Wil & Lehmo
- Genre: Comedy (drive time)
- Running time: 120 minutes
- Country of origin: Australia
- Language: English
- Home station: Triple M Sydney
- Syndicates: Triple M Melbourne Triple M Brisbane Triple M Adelaide
- Starring: Wil Anderson Anthony "Lehmo" Lehmann
- Created by: Wil Anderson
- Original release: 2 April 2007 – 21 November 2008
- Opening theme: Blue Orchid – The White Stripes
- Website: Official Sydney Site
- Podcast: Wil & Lehmo

= Wil & Lehmo =

Radio Show by Will & Lehmo

Wil & Lehmo was an afternoon drive time radio program broadcast nationally on Triple M and was hosted by Wil Anderson and Anthony "Lehmo" Lehmann.

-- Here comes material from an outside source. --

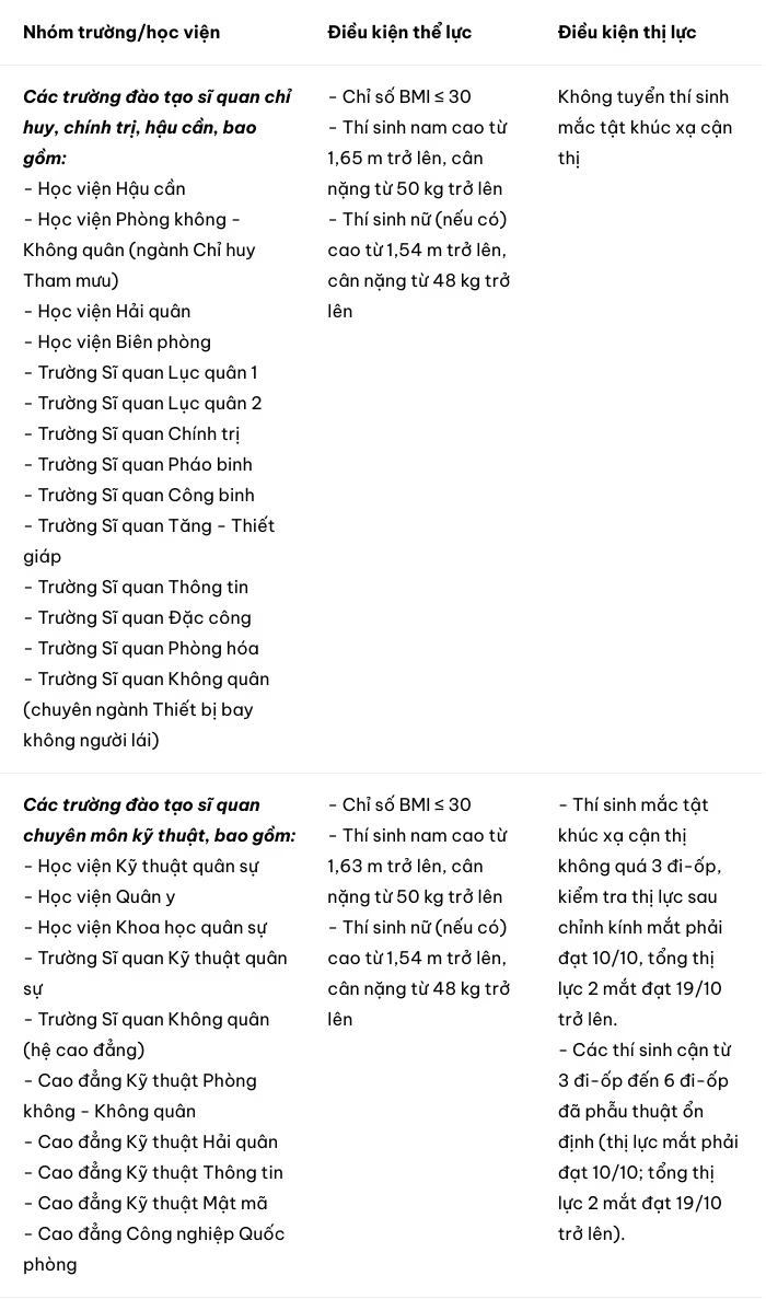 Nhóm trường đào tạo sĩ quan chỉ huy, chính trị, hậu cần không tuyển thí sinh mắc tật khúc xạ cận thị; nhóm trường đào tạo sĩ quan chuyên môn kỹ thuật tuyển thí sinh mắc tật khúc xạ cận thị không quá 3 đi-ốp hoặc đã phẫu thuật đạt tiêu chuẩn thị lực. Cụ thể như sau:

It began broadcasting on 2 April 2007.

The timeslot for this show was previously held by The Shebang who had moved to the breakfast slot on Triple M Sydney. Liz Ellis was the first guest on their first show.

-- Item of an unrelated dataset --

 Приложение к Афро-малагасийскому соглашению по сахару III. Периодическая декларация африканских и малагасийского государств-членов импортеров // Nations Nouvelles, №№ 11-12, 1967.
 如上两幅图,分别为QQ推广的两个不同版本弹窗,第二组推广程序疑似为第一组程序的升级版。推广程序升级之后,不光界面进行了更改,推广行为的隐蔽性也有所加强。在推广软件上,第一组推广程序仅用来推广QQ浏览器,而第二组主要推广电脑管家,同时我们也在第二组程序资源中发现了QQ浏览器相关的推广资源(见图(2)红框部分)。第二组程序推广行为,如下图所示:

The sponsor for the show was Holden.

On 3 November 2008 it was announced that Wil & Lehmo would not be returning in 2009.
The Wil & Lehmo show had its last show on Friday 21 November 2008.

==Segments==
- Liz Ellis was part of a weekly segment called "Liz's World of Balls" discussing sport. Andrew Gaze filled in for Ellis over several weeks due to her sporting commitments.
- Justin Hamilton was in a weekly segment called "Hammo Time", where they discussed minor trivial matters.
- "Highway to Helliar" – Pete Helliar came in to talk to Wil and Lehmo.
- "World Record Wednesday" – to celebrate a record from the Guinness World Record Book.
- "The Caruso Quiz" was a segment that involved the opening scene from CSI: Miami being played, in which Lieutenant Horatio Caine played by David Caruso, sums up the crime that has occurred with a single one liner. Callers were then asked to guess what David Caruso said, with the callers' lines often being better than the actual line.
- "Can Lehmo's Mum Guess Who the Celebrity is?" Australia's 7th most popular Game Show – Lehmo's Mum, Jenny Lehmann tried to guess who the celebrity guest in the studio was; participants included Rove McManus, Grant Denyer, The Rock, Nikki Webster, Missy Higgins, and Angry Anderson.
- "Black Thunderbelly" – a parody of the Australian crime drama Underbelly, based around Michael Dickson, a fictional character who works in the back of a Triple M Black Thunder, and works his way up through the ranks.
- "I'm Not Whinger But..." – listeners called up and were asked to state trivial matters that annoy them and start the sentence with the phrase "Im Not a Whinger But..."
- "The Golden Caruso" – named after David Caruso, it was awarded every Friday to the person or thing that had given Wil and Lehmo the most entertainment for the past week
- "Sam Mac's Gladiators Review" – panelist Sam Mac gave a weekly wrap of the weekend's episode of Gladiators, much to the disapproval of Wil and Lehmo
- "Life For Dummies" – a set of rules was created for everyday situations, such as "Rules For a First Date".
- "Radio Eye-Spy" – inspired by the "Confidential" pages in various newspapers, listeners rang the show after spotting a celebrity.

==Ratings==
In the radio ratings for November 2007, Wil & Lehmo finished 5th in Sydney, Melbourne and Adelaide and third in Brisbane.

==Awards==
Wil Anderson was nominated for "Best Radio Newcomer" in the 2008 ACRA awards. As the awards are for work on commercial radio, Anderson's five years of work on government funded radio station Triple J did not count, making him a newcomer to commercial radio.